[Source data]
+ + +

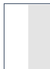
½ page Hauteur
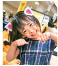
来る福招き猫まつり
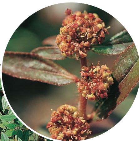
圖十六：飛揚草成株及花。 (袁秋英、蔣慕琰)
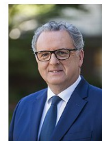
Le président de l'Assemblée nationale Richard FERRAND
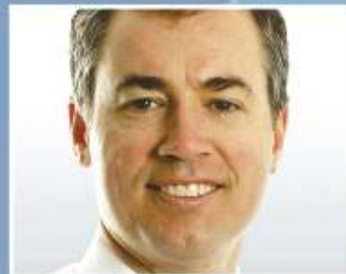
Minister for Human services and digital transformation Michael Keenan
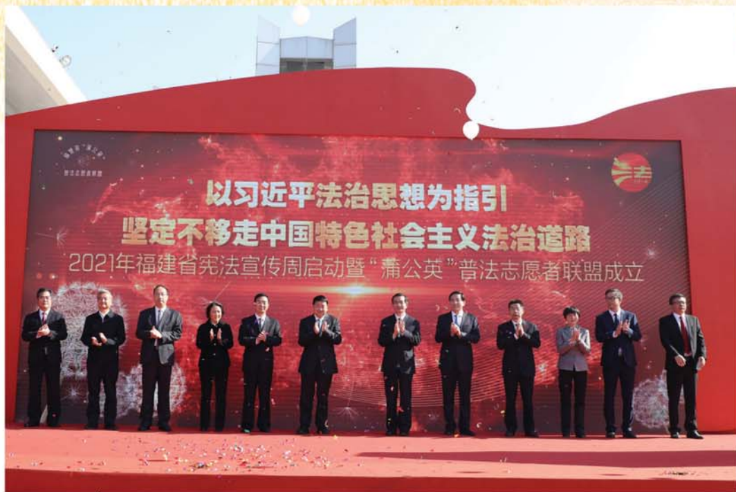
福建省举行“2021年宪法宣传周”启动暨“蒲公英”普法志愿者联盟成立仪式
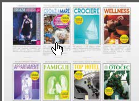
seleziona un catalogo
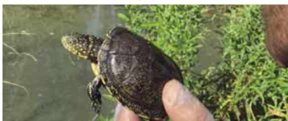
Un dels exemplars de tortuga alliberats

Són 5 femelles i 3 mascles procedents del Centre de Recuperació de Tortugues de l'Albera en una acció del
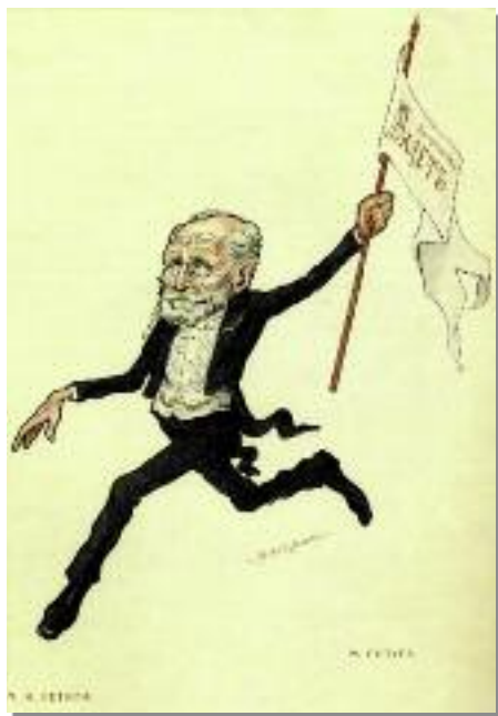
Marius Petipa (1818-1910) in una caricatura (1903) di Nikolaj (1869-1929) e Sergej (1875-1905) Legat.
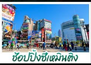
ซ้อปั้งซีเหมินติง
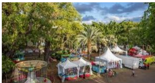
Marché de Noël de St Denis de la Réunion

+ + +

What you are asked to do
Without the pictures, repeat every record above exactly as written.

Result of the exercise
½ page Hauteur
来る福招き猫まつり
圖十六：飛揚草成株及花。 (袁秋英、蔣慕琰)
Le président de l'Assemblée nationale Richard FERRAND
Minister for Human services and digital transformation Michael Keenan
福建省举行“2021年宪法宣传周”启动暨“蒲公英”普法志愿者联盟成立仪式
seleziona un catalogo
Un dels exemplars de tortuga alliberats

Són 5 femelles i 3 mascles procedents del Centre de Recuperació de Tortugues de l'Albera en una acció del
Marius Petipa (1818-1910) in una caricatura (1903) di Nikolaj (1869-1929) e Sergej (1875-1905) Legat.
ซ้อปั้งซีเหมินติง
Marché de Noël de St Denis de la Réunion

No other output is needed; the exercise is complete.